Queued Messaging             X     X

All of these options had value, yet the diversity was certainly confusing to developers. Why have so many choices? A better solution would be to have one technology that addresses all of these problems. With the arrival of Indigo, that technology has appeared. Rather than forcing developers to choose one of several possibilities, Indigo lets them create distributed applications that address all of the problems solved by the technologies it subsumes. While Microsoft will still support these earlier technologies, most new applications that would previously have used any of them will instead be built on Indigo.

Interoperability with Non-Microsoft Applications

Making life easier for Windows developers by unifying disparate technologies is a good thing. But with the universal agreement among vendors on Web services, the long-standing problem of application interoperability can also be solved. Because Indigo's fundamental communication mechanism is SOAP, Indigo applications can communicate with other software running in a variety of contexts. As shown in the figure below, an application built on Indigo can interact with all of the following:

  • Indigo applications running in a different process on the same Windows machine.
  • Indigo applications running on another Windows machine.
  • Applications built on other technologies, such as application servers based on Java 2, Enterprise Edition (J2EE), that support standard Web services. These applications can be running on Windows machines or on machines with other operating systems, such as Sun Solaris, IBM's z/OS, or Linux.


Indigo applications can also interoperate with applications built on some of the .NET Framework technologies that preceded Indigo, such as ASMX, as described later.

To allow more than just basic communication, Indigo implements a group of newer Web services technologies collectively referred to as the WS-* specifications. These documents define multi-vendor ways to add reliable messaging, security, transactions, and more to SOAP-based Web services. All of these specs were originally defined by Microsoft, IBM, and other vendors working together. As they become stable, ownership often passes to standards bodies such as the Organization for the Advancement of Structured Information Standards (OASIS).
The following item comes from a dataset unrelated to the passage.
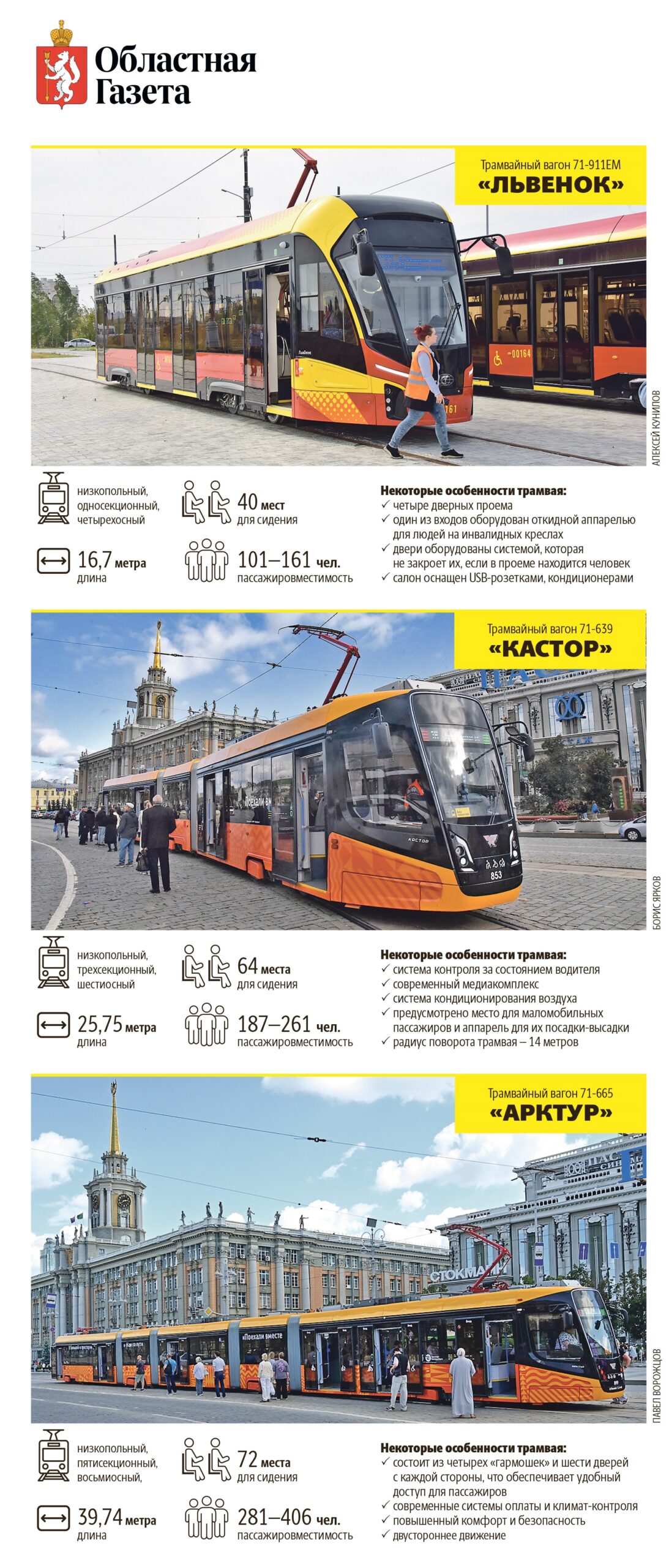 «Со стартом транспортной реформы в Екатеринбурге мы заменили половину троллейбусного парка, закупив 100 электромашин. Также в начале года в город прибыли два трамвая, затем — 15 автобусов-гармошек. В этом месяце на линии вышли 7 новых трехсекционных трамваев. Один пятисекционный вагон также работает на маршруте № 18. На маршрутах № 15 и № 16 задействованы односекционные трамваи — большие, удобные и для пассажиров, и для водителей, — говорит заместитель генерального директора ЕМУП «Гортранс» Андрей Ившин.

The Web services specs supported in Indigo's first release include WS-Addressing, WS-Policy, WS-MetadataExchange, WS-ReliableMessaging, WS-Security, WS-Trust, WS-SecureConversation, WS-Coordination, WS-AtomicTransaction, and the SOAP Message Transmission Optimization Mechanism (MTOM).
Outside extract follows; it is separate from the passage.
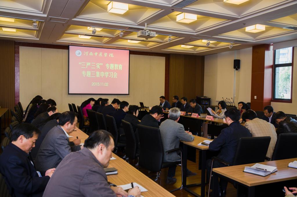 为进一步加强对“三严三实”专题教育第三专题内容的学习,按照中央和省委的部署,根据学校“三严三实”专题教育的安排,2015年11月2日下午,我校党委中心组专题三学习(扩大)会在图书馆第三报告厅举行。校党委书记孙建中围绕“严以用权,真抓实干,实实在在谋事创业做人,树立忠诚、干净、担当的新形象”主题进行领学。在郑校领导,各部门、各单位党政正职,校纪委委员,校专题教育办公室成员参加了学习会。

When an Indigo application communicates with an application running on a non-Windows system, the protocol used is standard SOAP (perhaps with some WS-* extensions), represented on the wire in its usual text-based XML encoding. When one Indigo-based application communicates with another Indigo-based app, however, it makes sense to optimize this communication. All of the same features are provided, including reliable messaging, security, and transactions, but the wire encoding used is an optimized binary version of SOAP. Messages still conform to the data structure of a SOAP message, referred to as its Infoset, but their encoding uses a binary representation of that Infoset rather than the standard angle-brackets-and-text format of XML.
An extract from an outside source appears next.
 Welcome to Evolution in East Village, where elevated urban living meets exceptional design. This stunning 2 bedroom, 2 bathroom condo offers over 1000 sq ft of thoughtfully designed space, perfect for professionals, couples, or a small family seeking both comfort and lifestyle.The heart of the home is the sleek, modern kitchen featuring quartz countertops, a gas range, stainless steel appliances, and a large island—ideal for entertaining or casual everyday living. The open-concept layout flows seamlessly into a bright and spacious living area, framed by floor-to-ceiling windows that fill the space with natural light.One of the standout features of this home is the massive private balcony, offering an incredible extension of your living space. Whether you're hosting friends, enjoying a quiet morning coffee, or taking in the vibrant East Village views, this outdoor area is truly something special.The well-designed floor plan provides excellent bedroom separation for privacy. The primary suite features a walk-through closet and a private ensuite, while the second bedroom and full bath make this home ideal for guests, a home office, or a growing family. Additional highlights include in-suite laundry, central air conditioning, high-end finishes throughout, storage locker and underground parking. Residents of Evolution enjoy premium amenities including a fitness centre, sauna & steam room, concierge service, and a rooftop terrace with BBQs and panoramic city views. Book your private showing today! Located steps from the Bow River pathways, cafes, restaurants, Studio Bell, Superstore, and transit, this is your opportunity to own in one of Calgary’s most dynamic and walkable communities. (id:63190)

Explicit Support for Service-Oriented Development

Thinking of an application as providing and consuming services is hardly a new idea. What is new is a clear focus on services as distinct from objects. Toward this end, Indigo's creators kept four tenets in mind during the design of this technology:

  • Share schema, not class: unlike older distributed object technologies, services interact with their clients only through a well-defined XML interface. Behaviors such as passing complete classes, methods and all, across service boundaries aren't allowed.
  • Services are autonomous: a service and its clients agree on the interface between them, but are otherwise independent. They may be written in different languages, use different runtime environments, such as the CLR and the Java Virtual Machine, execute on different operating systems, and differ in other ways.
  • Boundaries are explicit: a goal of distributed object technologies such as Distributed COM (DCOM) was to make remote objects look as much as possible like local objects. While this approach simplified development in some ways by providing a common programming model, it also hid the inescapable differences between local objects and remote objects. Services avoid this problem by making interactions between services and their clients more explicit. Hiding distribution is not a goal.
  • Use policy-based compatibility: when possible, determining which options to use between systems should rely on WS-Policy-based mechanisms.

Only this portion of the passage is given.